Pelvic Organ Prolapse

 
Pelvic organ prolapse is a condition that can be caused by childbirth or traumatic injury. In extreme cases, damage to the lower abdomen might require vaginal reconstruction.
 
 
Although the term vaginal prolapse is often used generally, any pelvic organ - such as the uterus, bladder, or top of the vagina - can prolapse. This means that it begins to drop or sink because the muscles and connective tissue of the abdomen can no longer support it. Many women who have given birth have prolapse in one or more of their pelvic organs (there is a higher risk for prolapse with vaginal birth than with cesarean birth). It can also be caused through injury, such as in an automobile or bicycle accident.
 
If you have minor pelvic organ prolapse, you may not notice any symptoms or not be bothered by it. But in a more severe case, you may notice some of the following symptoms:
  • bulge in the vagina, which can be made by other organs
  • pain or heaviness in the abdomen, pelvis or lower back, that may get worse with standing or lifting
  • urinary incontinence or unexplained constipation
  • difficulty inserting tampons
  • problems or pain with sex  
In the most severe cases, pelvic organs may actually stick out of the vagina at times and need to be pushed back in.
 
Many cases do not need to be treated, but if your symptoms are affecting your quality of life, you and your doctor may decide to treat the problem. Treatment options include:
  • diet or lifestyle changes
  • pelvic floor exercises that strengthen the muscles holding your organs in place
  • devices, such as a pessary, which are inserted into the vagina and help support your pelvic organs
  • surgery, performed either through an opening in the abdomen, or vaginally  
Occasionally, some women have childbirth trauma or pelvic organ prolapse that is extensive enough that surgery is needed to reconstruct your vagina. Damage might also be caused by:
  • high impact to the vagina and/or vulva, such as from falling on the crossbar of a bicycle
  • injury from rape
  • injury from a weapon that penetrates the vaginal area, such as a knife
  • treatment of vaginal cancer  
There are also other types of vaginal reconstruction that are done for cosmetic reasons or comfort, or to improve your sexual function.
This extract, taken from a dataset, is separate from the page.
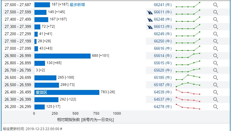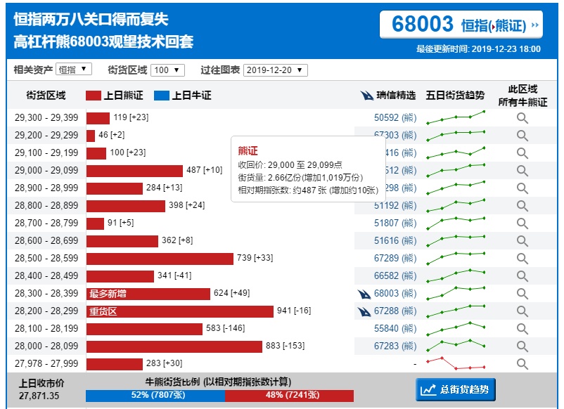 智通财经APP获悉,截至12月23日,恒指最新的牛熊街货比例52:48。瑞信恒指牛熊证街货分布图中的数据显示,熊证街货重货区在28200-28299区间,该区间最新熊证数量为941张,较上一交易日减少16张,最多新增在28300-28399区间,较上一交易日增加49张。牛证街货重货区在26400-26499区间,该区间最新牛证数量为783张,较上一交易日减少26张,最多新增在27600-27687区间,较上一交易日增加187张。

For example:
  • labiaplasty, in which enlarged tissue of the labia minor is reduced
  • vaginoplasty, which restores elasticity by tightening the vagina and surrounding muscles
  • hymenoplasty, in which the hymen is reconstructed (to restore virginity)  
Usually the pain and damage from an event such as one of those above will be acute enough that you will be seeing a doctor right away. The doctor will examine the damage thoroughly, and may want to perform surgery to fix the problem as soon as possible. If your need results from a longer term condition, your doctor will discuss it with you.
 
If your vagina needs more than just repair, because some or all of it needs to be removed (for example, due to cancer treatment), a surgeon will usually use tissues and muscles from other parts of your body, such as the bowel, thigh, or lower abdomen, to reconstruct your vagina.
 
The procedure usually takes from 1-2 hours, and may involve either a local or general anesthetic, depending on how extensive the surgery is.
 
You will have swelling and discomfort for 5-6 days. You may feel completely recovered within ten days to two weeks, but usually you should abstain from sexual intercourse for at least six weeks. Talk to your doctor about when you can resume your previous activity level.